BEGIN

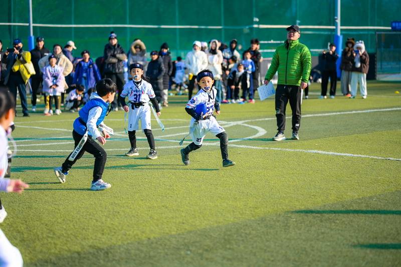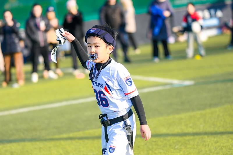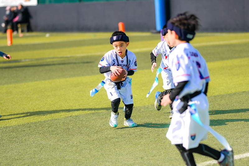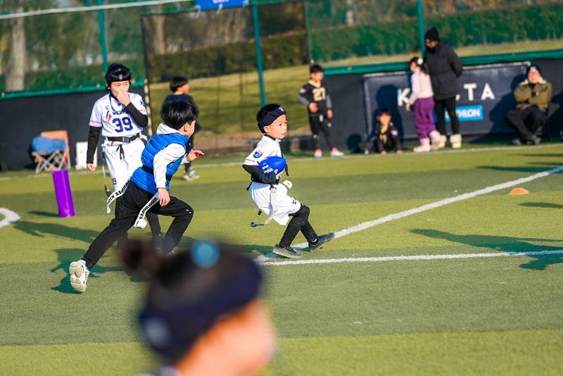 On defense, Sean stood out with his excellent anticipation and awareness. Through accurate flag pulls and quick adjustments in zone defense, he repeatedly shut down the opponent’s advances, playing a key role in securing a victory for the U6 team.
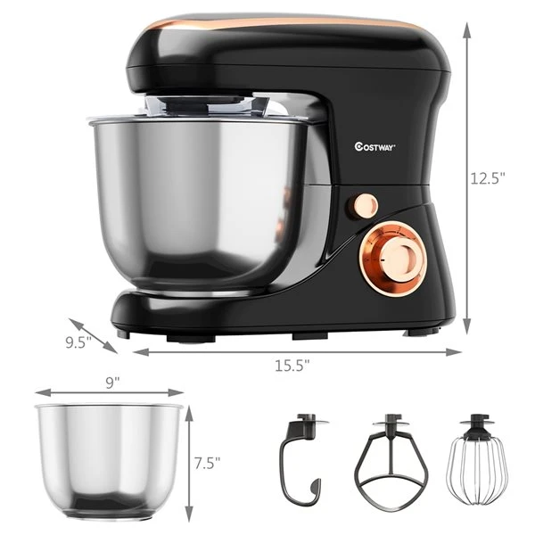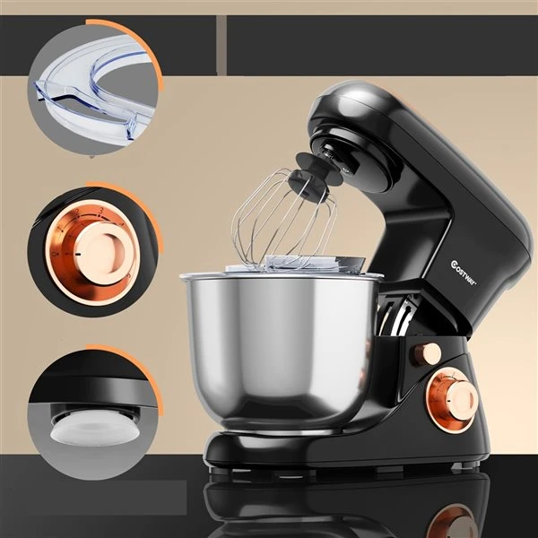 The stand mixer is designed for hands-free mixing for a variety of food. The stand mixer can perfectly deal with all kinds of ingredients ranging from cream and egg whites to heavy dough. Its power motor ensures a more efficient way to mix food, and the 6 different speeds can meet all your kitchen needs. On the bottom, 4 non-slip pads help to keep the stand mixer stable and steady while working. The stainless steel bowl is equipped with a splash guard to keep the kitchen clean.
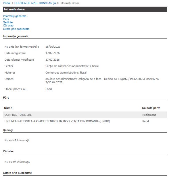 Curtea de Apel Constanța a fost sesizată recent într-un dosar de contencios administrativ și fiscal ce vizează activitatea Uniunii Naționale a Practicienilor în Insolvență din România (UNPIR). Reclamantul, societatea Comprest Util SRL, solicită magistraților anularea unor acte administrative emise.
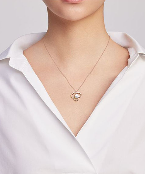 モダンなラインで花の輪郭を描く「chants」から、胸元に可憐さと凛とした表情を添えるペンダント。淡く繊細なSAKURAGOLD™と艶めくあこや真珠のハーモニーが、日常からオケージョンまで上品に引き立てます。
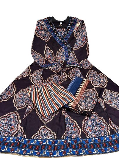 Black Katha Embroidery Angrakha Style Cotton Anarkali Suit Set
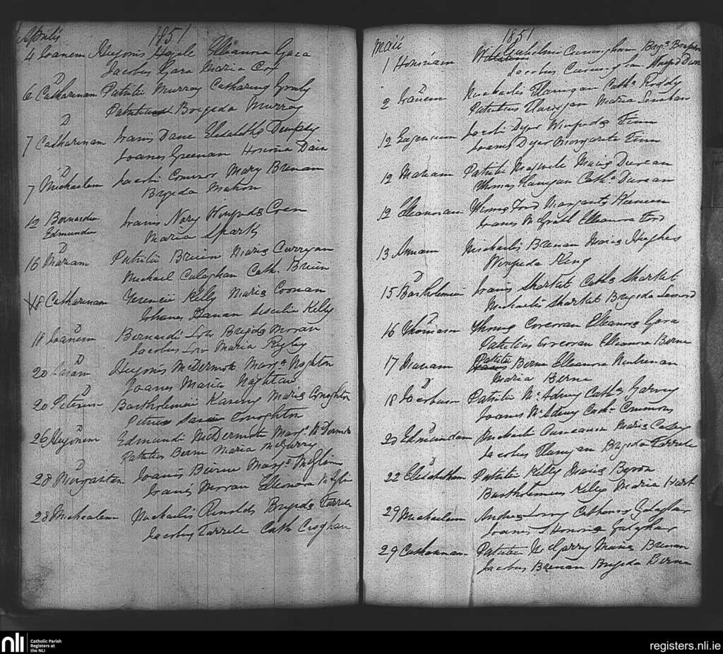 Tibohine; County of Roscommon; Diocese of Elphin. Baptisms, Apr. 1851 to May 1851

END

### TASK PROMPT
Apart from the pictures, all of the data must be duplicated exactly as shown above.

### RESULT
 On defense, Sean stood out with his excellent anticipation and awareness. Through accurate flag pulls and quick adjustments in zone defense, he repeatedly shut down the opponent’s advances, playing a key role in securing a victory for the U6 team.
 The stand mixer is designed for hands-free mixing for a variety of food. The stand mixer can perfectly deal with all kinds of ingredients ranging from cream and egg whites to heavy dough. Its power motor ensures a more efficient way to mix food, and the 6 different speeds can meet all your kitchen needs. On the bottom, 4 non-slip pads help to keep the stand mixer stable and steady while working. The stainless steel bowl is equipped with a splash guard to keep the kitchen clean.
 Curtea de Apel Constanța a fost sesizată recent într-un dosar de contencios administrativ și fiscal ce vizează activitatea Uniunii Naționale a Practicienilor în Insolvență din România (UNPIR). Reclamantul, societatea Comprest Util SRL, solicită magistraților anularea unor acte administrative emise.
 モダンなラインで花の輪郭を描く「chants」から、胸元に可憐さと凛とした表情を添えるペンダント。淡く繊細なSAKURAGOLD™と艶めくあこや真珠のハーモニーが、日常からオケージョンまで上品に引き立てます。
 Black Katha Embroidery Angrakha Style Cotton Anarkali Suit Set
 Tibohine; County of Roscommon; Diocese of Elphin. Baptisms, Apr. 1851 to May 1851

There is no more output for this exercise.